Located at the southern foot of Wuzhou Mountain, 16 kilometers west of Datong City, Yungang Grottoes were carved into the mountain and extend about one kilometer from east to west. The 45 caves in Yungang Grottoes include some 254 niches with about 51,000 statues. Yugang Grottoes constitute a classical masterpiece of the first peak of Chinese Buddhist art. In March 1961, Yungang Grottoes was proclaimed as one of the first batch of Key Cultural Relics under the protection of Chinese State Council. In December 2001, Yungang Grottoes was included as a World Heritage Site by UNESCO. In May 2007, Yungang Grottoes was proclaimed as a National AAAAA-grade Tourism Attraction of China. The expansion project in 2010 made Yungang Grottoes a world famous tourist sightseeing destination with its combination of a royal ancient Buddhist cave temple, royal garden and the complex of ancient architecture. Yungang Grottoes, with their complexity, their rich variety and vigorous features constitute a classical masterpiece as one of the three most famous Buddhist cave temples in China. The Yungang cave art represents the successful fusion of Buddhist religions symbolic art from the Buddhist Art of Gandhara (a style of Buddhist visual art that developed in what is now northwestern Pakistan and eastern Afghanistan between 1st century BC and the 7th century CE.) with Chinese cultural traditions of the Qin and Han Dynasties.

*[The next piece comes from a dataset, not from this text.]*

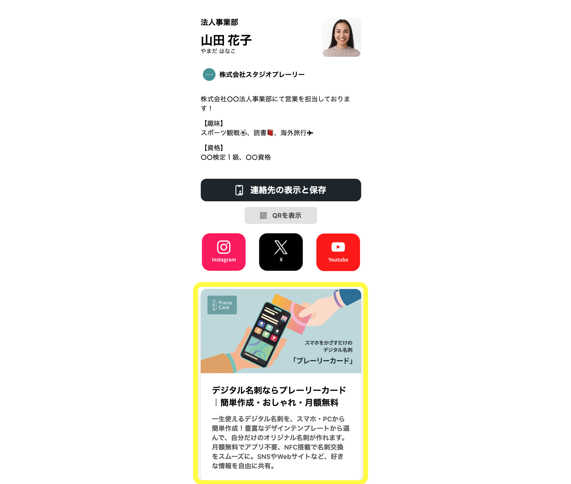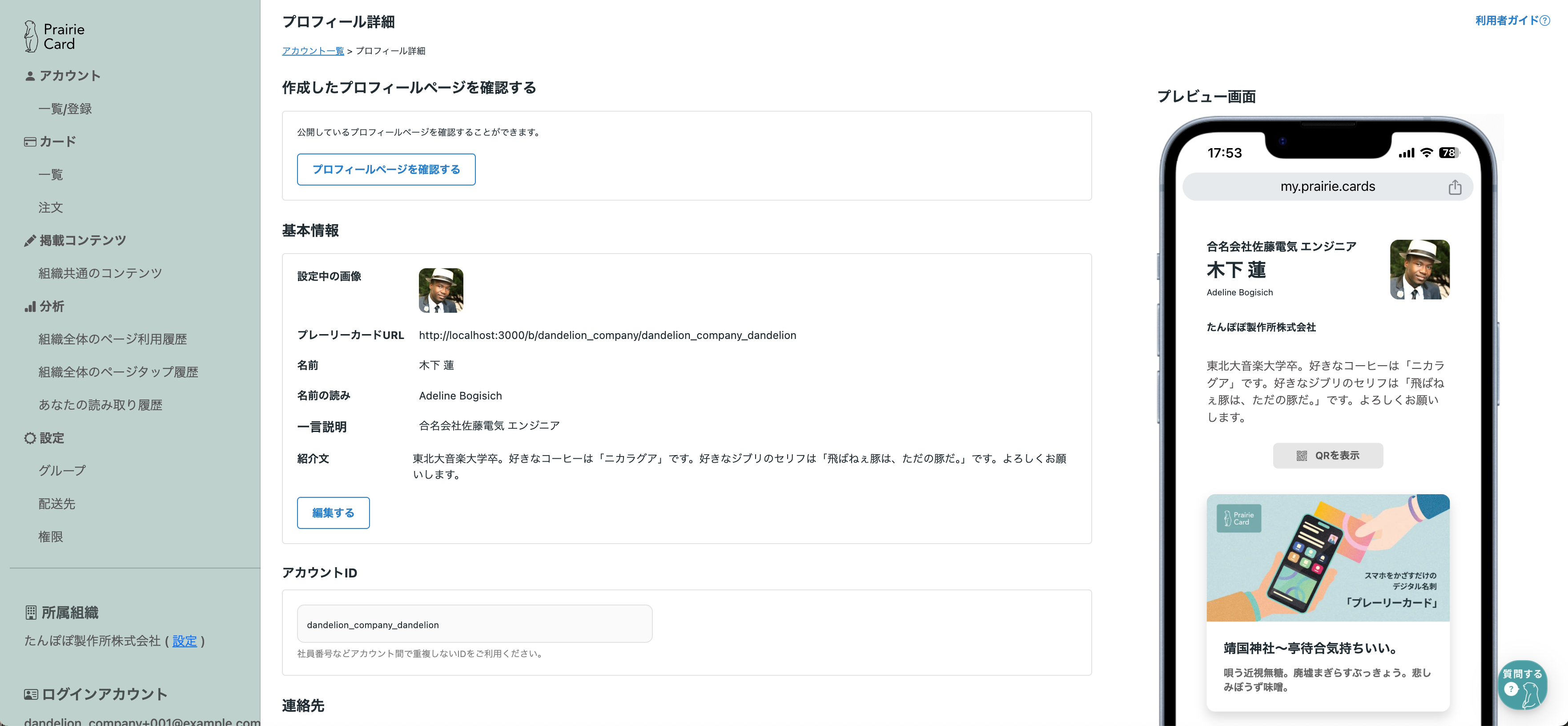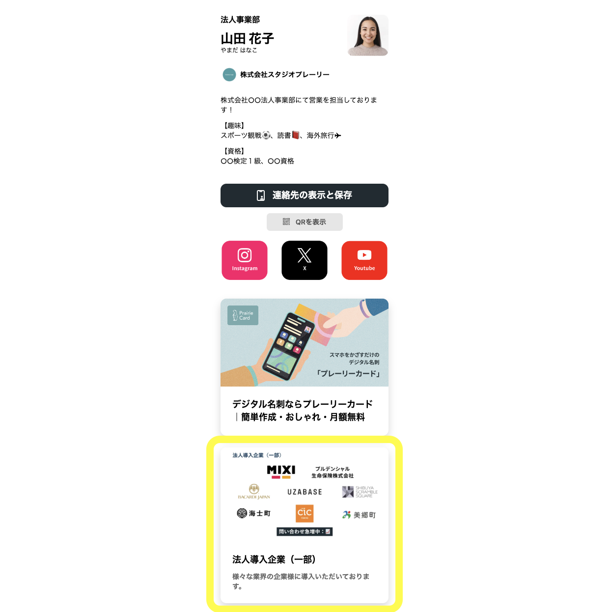 URLをクリックすると、カードをかざした際に表示される実際のプロフィールページをご覧いただけます。

The Buddhist tradition of religious cave art achieved its first major impact at Yungang, where it developed its own distinct character and artistic power. Three main periods of Yungang Grottoes can be identified in the construction: the Early Period (460-465), the Middle Period (471-494) and the Late Period (494-524).

 

The grottoes of the early period are composed of five main caves from Cave 16-20these magnificent and simple caves were dug under the direction of the monk Tanyao and were named after him. Tan Yao Five Caves were constructed between 460-465CE. The layout of these five caves are similar with a U-shaped plan and arched roofs, imitating the thatched sheds in ancient India while on the outer walls thousand of small Buddhist statues are carved. The main images are three generation Buddha (Buddha of Past, Present and Future). The Buddha statues in the early period are giant statues with serene face, big nose and deep eyes taking on an exotic appearance which shows both vigour and simplicity.

    

The grottoes of the middle period were constructed between 471-494 CE. The caves in this period include four groups of twin caves, namely Cave 1 and 2, Cave 5 and 6, Cave 7 and 8, Cave 9 and 10 and one group of triple caves, namely Cave 11, 12, 13 and Cave 3 which was unfinished according to the original plan. There caves are mostly square in plan, usually with chambers both in front and in the rear, some caves have a pillar in the center; carvings on the walls are divided into upper and lower bands and right and left sections. Level caisson ceilings are caved on the roofs in most caves. In this period there was a rapid development of the Han Chinese style and many new subject matters and combinations of statues were introduced, shifting the attention to the creation of Devas images and various kinds of adornment.

   

The grottoes of the late period were constructed after the transference of the capital from Datong to Luoyang in 494 CE, the project continued until 524 CE. The caves in this period are mainly located to the west of Cave 20 and small niches of Cave 4, 14, 15 and 11. In total, over 200 caves and niches were cut in this period. These caves are of medium and small size with varied and complicated irregular shapes. These is a tendency towards simplification of the contents of the statuary and stylizing the forms, but with a new look of delicacy and gracefulness which reflect the main characteristics of Buddhist visual art of the later period of the Northern Wei Dynasty.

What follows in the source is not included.